Но ровно в девять он понял, что и на самом деле что-то стряслось. Ему припомнилось восклицание Лазара: «Таким образом мы не будем действовать друг другу на психику». Но и при этом он не испытал ни чувства горечи, ни злобы — разве что глубокого изумления. Обратный билет до Израиля покоился у него в бумажнике. И вообще, все необходимое было при нем. И если они и в самом деле исчезли, это означало лишь, что он снова сам себе голова и волен решить вопрос, продолжать ему путешествие или вернуться домой.

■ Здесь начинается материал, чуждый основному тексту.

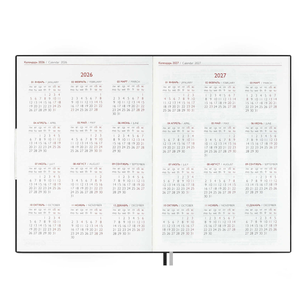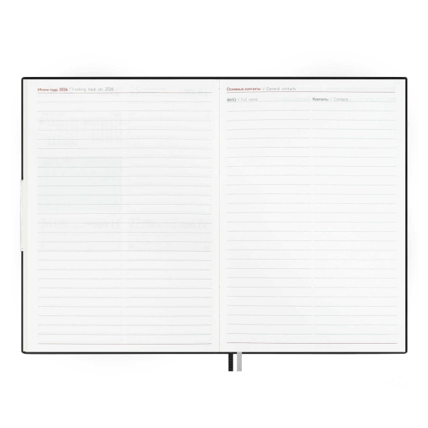 Еженедельник А6+ 2026 Escalada "Шеврет глосс" интегр.обл., иск.кожа, сшивка, черный 70341
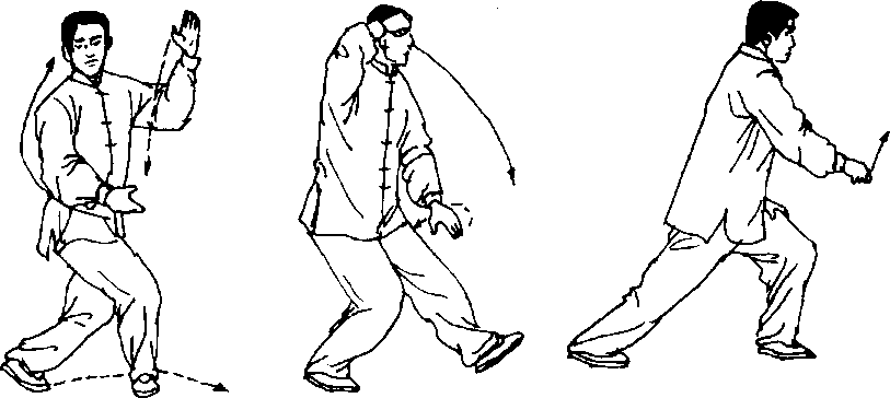.①转体摆掌 左腿屈膝,右腿屈收,右脚前落,脚尖外撇,上
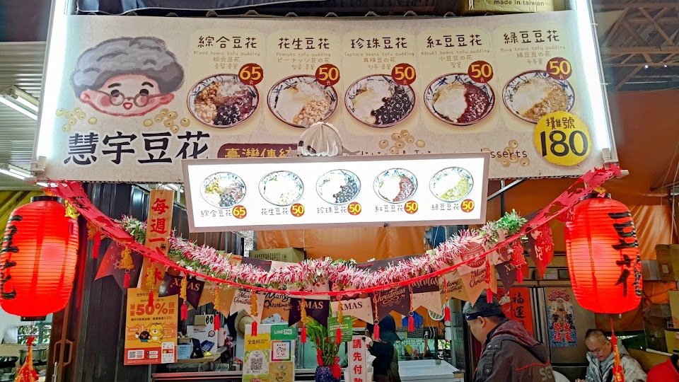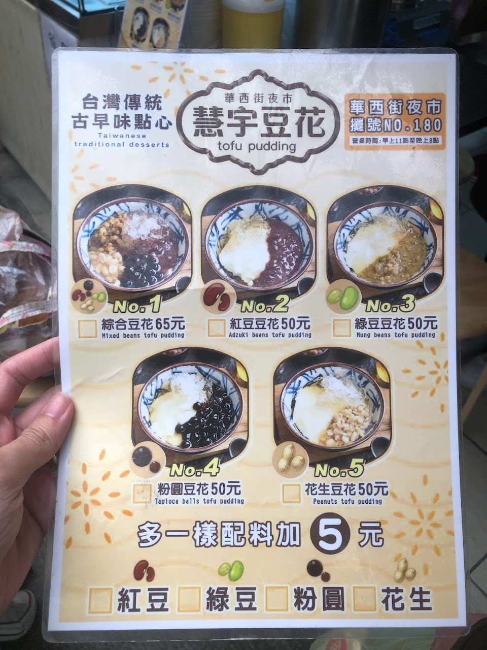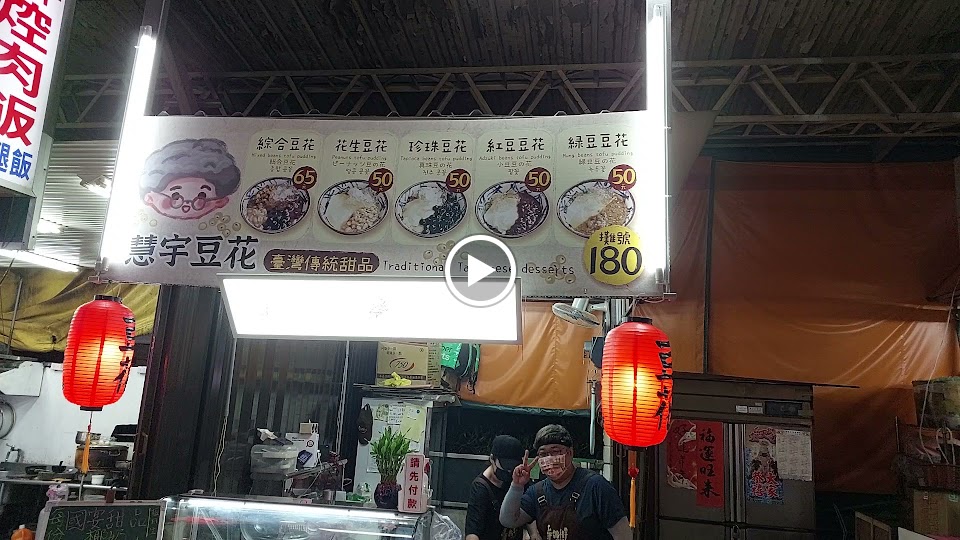 在華西街觀光夜市尾段,小王煮瓜對面的慧宇豆花,非常好吃?乾淨,用的碗是750cc的大碗、用料十足,本體豆花有古早味,配料一吃就知道是自家煮的不甜膩,真的推薦給大家台灣的傳統不敗甜品小吃?????? …
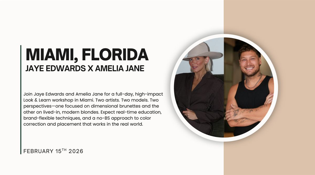 Join Jaye Edwards and Amelia Jane for a full-day, high-impact Look & Learn workshop in Miami. Two artists. Two models. Two perspectives—one focused on dimensional brunettes and the other on lived-in, modern blondes. Expect real-time education, brand-flexible techniques, and a no-BS approach to color correction and placement that works in the real world.
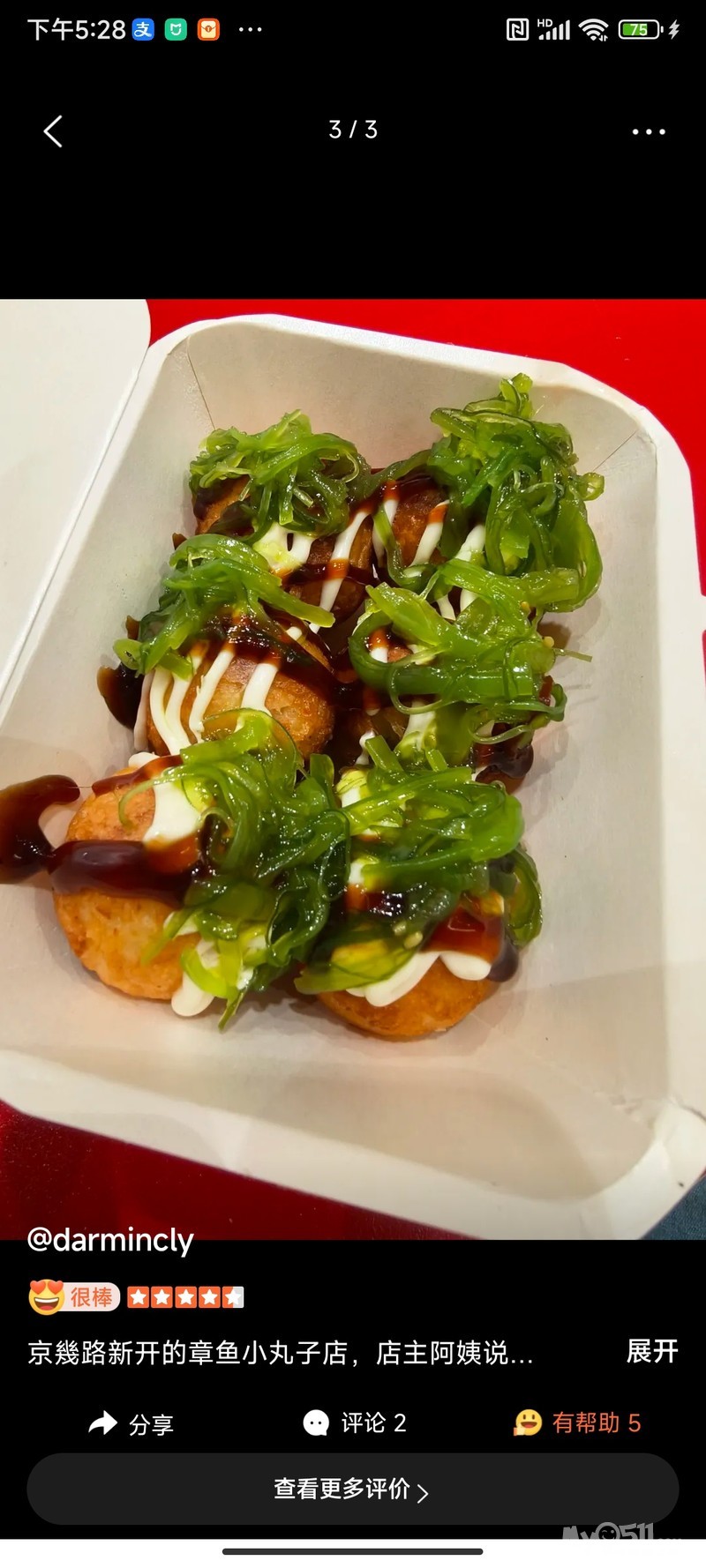 章鱼小丸子不好吃,干巴巴的

Пять минут десятого он подхватил свой багаж, оставил записку у портье и свистнул рикшу, который должен был доставить его на железнодорожный вокзал. Может быть, в последнюю минуту они тоже окажутся там — не исключено, что даже и без багажа. Но с той минуты, когда он очутился на старой железнодорожной станции в центре бури, сотрясавшей сотни людей в предотъездной лихорадке в ее самой чистой форме, в середине толпы, окутанной смесью всевозможных запахов и желтоватой дымкой, среди стиснутых и стонущих в автобусах людей, набившихся внутрь через любые мыслимые отверстия… доктор чувствовал, что теряет остатки надежды на то, что он найдет исчезнувшую пару. Тем не менее он решительно пробивался сквозь толпу, двигаясь от платформы к платформе, пока не отыскал нужный ему поезд нужного ему маршрута, который выглядел весьма привлекательно и современно и был, как это следовало из надписей на вагонах, оборудован кондиционерами на западный манер. Четыре места, составлявшие купе, выглядели комфортабельно: на ночь они трансформировались в удобные, хотя и узкие кровати. Темные, светонепроницаемые стекла превращали предотъездную суету на перроне в картинку на телевизионном экране. Следовало ли ему отправляться вглубь Индии в одиночку на собственный страх и риск — и более того, против его воли — для того, чтобы найти незнакомую ему и к тому же больную неведомо чем женщину, которой он должен был как-то помочь? Он задал вопрос самому себе не без иронии, унаследованной от отца, который в свою очередь привез ее в Израиль из Англии.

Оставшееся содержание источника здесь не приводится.